Buffer pooling. Encoders use sync.Pool to reuse byte buffers across log calls, so the buffer for the JSON line isn't reallocated each time.
Disabled-level short circuit. A log below the configured level returns a no-op event; the field methods on it do nothing. The arguments are still evaluated by Go (it's not lazy like a guard), so for truly expensive args you still guard with if e := logger.Debug(); e.Enabled() { ... }.

zap's benchmarks show ~0 allocs/op for a typical structured line versus dozens for logrus/stdlib with fmt. The lesson generalizes: structured-from-the-source is faster than text, because text logging's "format a human string then maybe parse it back into fields downstream" does the work twice. JSON/structured output is also what makes the wide-event model practical at volume.

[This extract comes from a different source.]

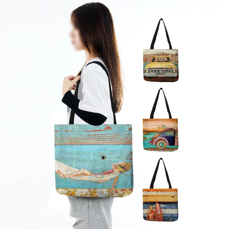 Винтажная модная сумка-тоут с автомобильным принтом, льняные сумки ...

Java's equivalent is Log4j2's garbage-free mode (log4j2.enableThreadlocals=true, log4j2.enableDirectEncoders=true), which reuses StringBuilders and encodes directly to ByteBuffers in a thread-local, avoiding per-log allocation (Log4j2: garbage-free logging). Python's structlog gives structured events but, on CPython, can't escape per-call dict and object allocation — the cost model there is dominated by interpreter overhead, not GC, so the mitigation is log less on hot paths, not micro-optimize the logger.

Causality and distributed tracing¶

In a distributed system, a single user action fans out across services. A log line in service C is meaningless without knowing it was caused by a request that entered at service A. Tracing reconstructs that causal tree.

The foundational design is Google's Dapper (Sigelman et al., "Dapper, a Large-Scale Distributed Systems Tracing Infrastructure," Google 2010). Its core concepts, now standardized in OpenTelemetry and the W3C Trace Context header spec:

Trace — the whole tree for one root request, identified by a trace_id.
Span — one operation (an RPC, a DB query), with a span_id, a parent_span_id, a start time, and a duration. Spans nest to form the causal tree.
Context propagation — the trace_id + current span_id travel with the request across process boundaries, carried in the traceparent HTTP header (or message metadata). This is what stitches service C's span to service A's trace.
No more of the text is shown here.